EXTRACTED INFORMATION: Begin

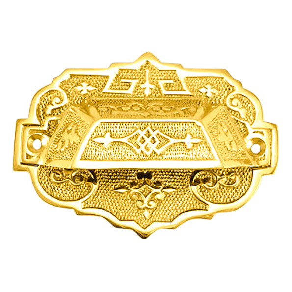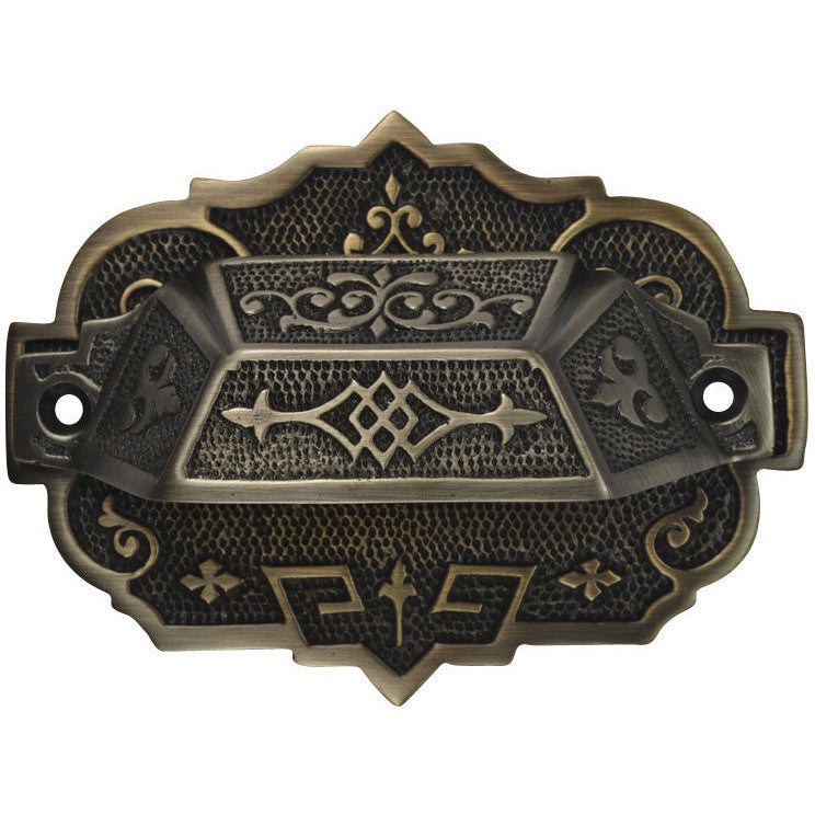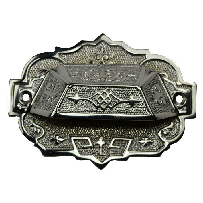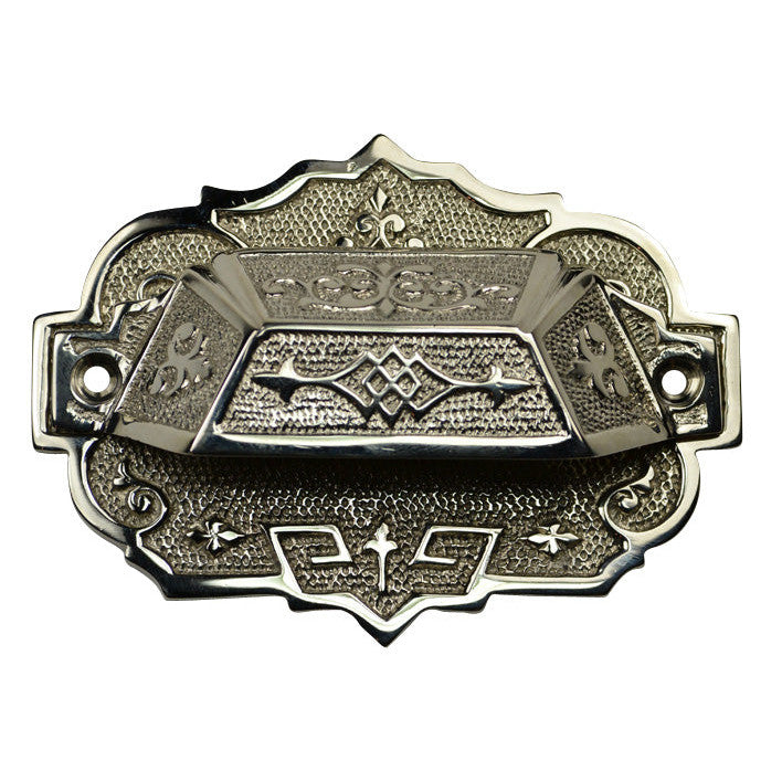 This sleek bin pull measures 4 inches long and 1 1/4 inches tall. Backplate measures 4 3/8 inches long and 3 1/4 inches tall (88.2 mm 3.25 c-c). Center to center mounting distance is 3 5/8 inches. Highly ornate and hand finished detailing.
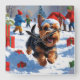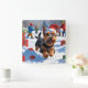 Scottish Terrier Running Snow with Christmas Hat Square Wall Clock
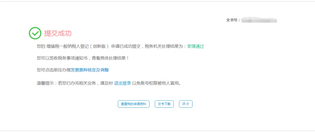 点击【文书下载】可查询打印《增值税一般纳税人登记表》。
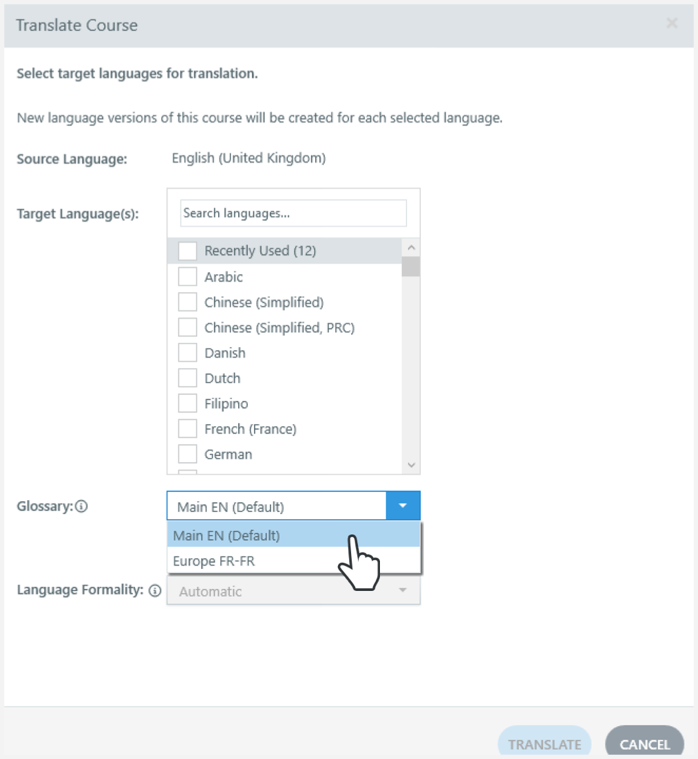 Wenn einem Abonnement mehrere Glossare hinzugefügt werden, können Autoren wählen, welches sie bei der ersten Übersetzung eines Kurses verwenden möchten. Dieses Glossar wird für alle zukünftigen Kursübersetzungen verwendet, einschließlich zusätzlicher Sprachen und Kursaktualisierungen.
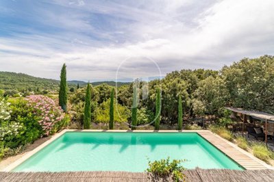 À l'extérieur, le terrain de plus de 5 500 m² offre de multiples espaces de détente aménagés sous les chênes verts, un potager, un bois privé et une piscine nichée à l'abri des regards.
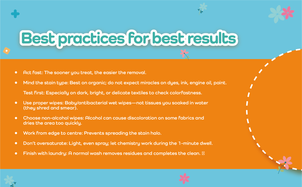 - Correct steps (simple): Spray → wait 1 minute → rub with a wet wipe (baby or antibacterial wipe).
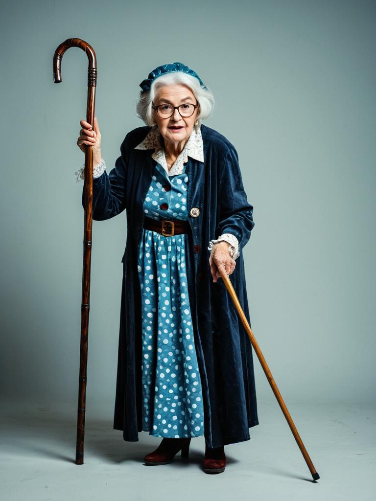 Woman in Crazy Old Lady Costume, full-body cosplay photo with cane
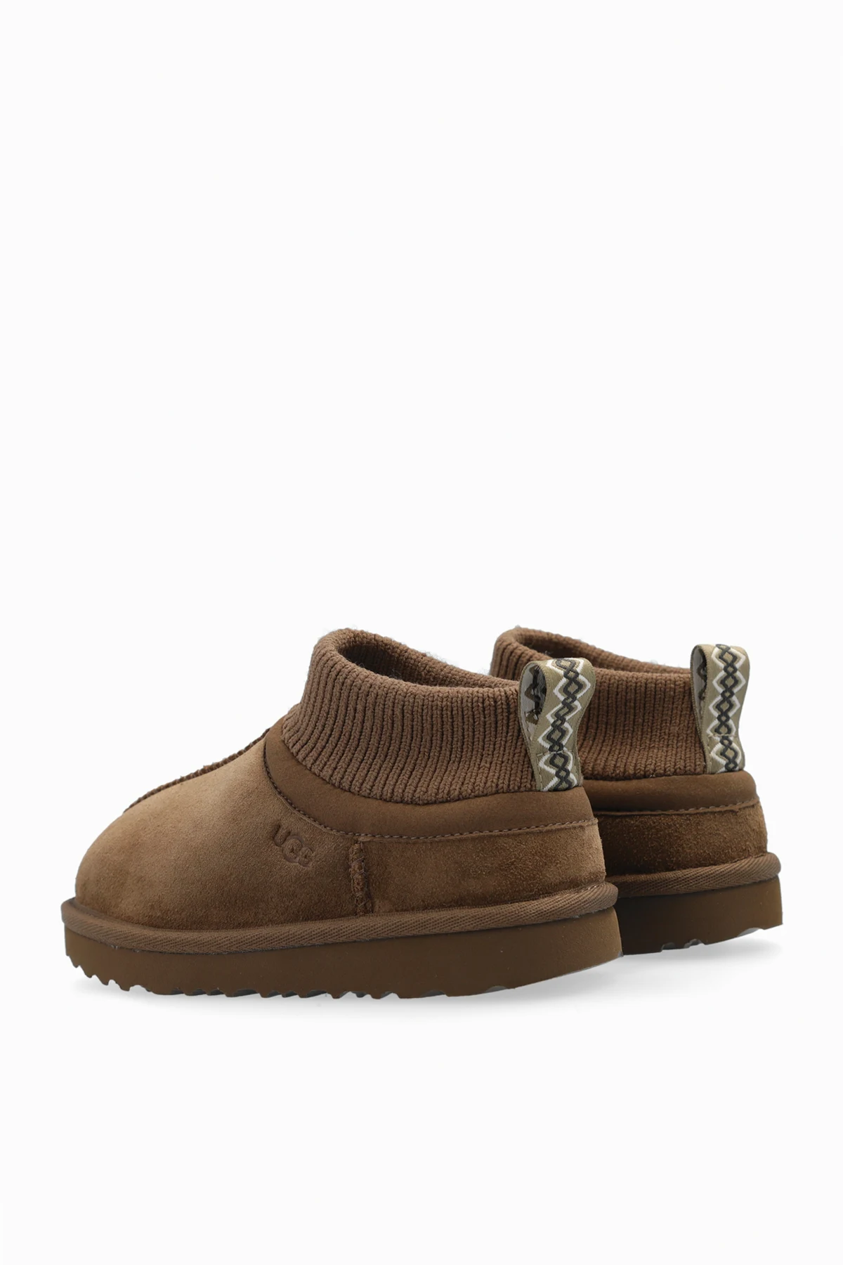 Der obere Rand des Schuhs ist mit einem elastischen, gerippten Bündchen versehen, das sich perfekt an das Bein anpasst und für eine bessere Isolierung vor Kälte sorgt. Das Markenlogo "UGG" ist in das Wildleder an der Seite des Schuhs eingeprägt und der Fersenriemen mit einem dekorativen, geometrischen Muster betont die Einzigartigkeit und Liebe zum Detail.

EXTRACTED INFORMATION: End

=== WHAT YOU SHOULD DO ===
The response should be the lines from the one containing "- Correct steps" through the final line of the records, reproduced exactly and with every picture left out.

=== OUTPUT OF THE TASK ===
 - Correct steps (simple): Spray → wait 1 minute → rub with a wet wipe (baby or antibacterial wipe).
 Woman in Crazy Old Lady Costume, full-body cosplay photo with cane
 Der obere Rand des Schuhs ist mit einem elastischen, gerippten Bündchen versehen, das sich perfekt an das Bein anpasst und für eine bessere Isolierung vor Kälte sorgt. Das Markenlogo "UGG" ist in das Wildleder an der Seite des Schuhs eingeprägt und der Fersenriemen mit einem dekorativen, geometrischen Muster betont die Einzigartigkeit und Liebe zum Detail.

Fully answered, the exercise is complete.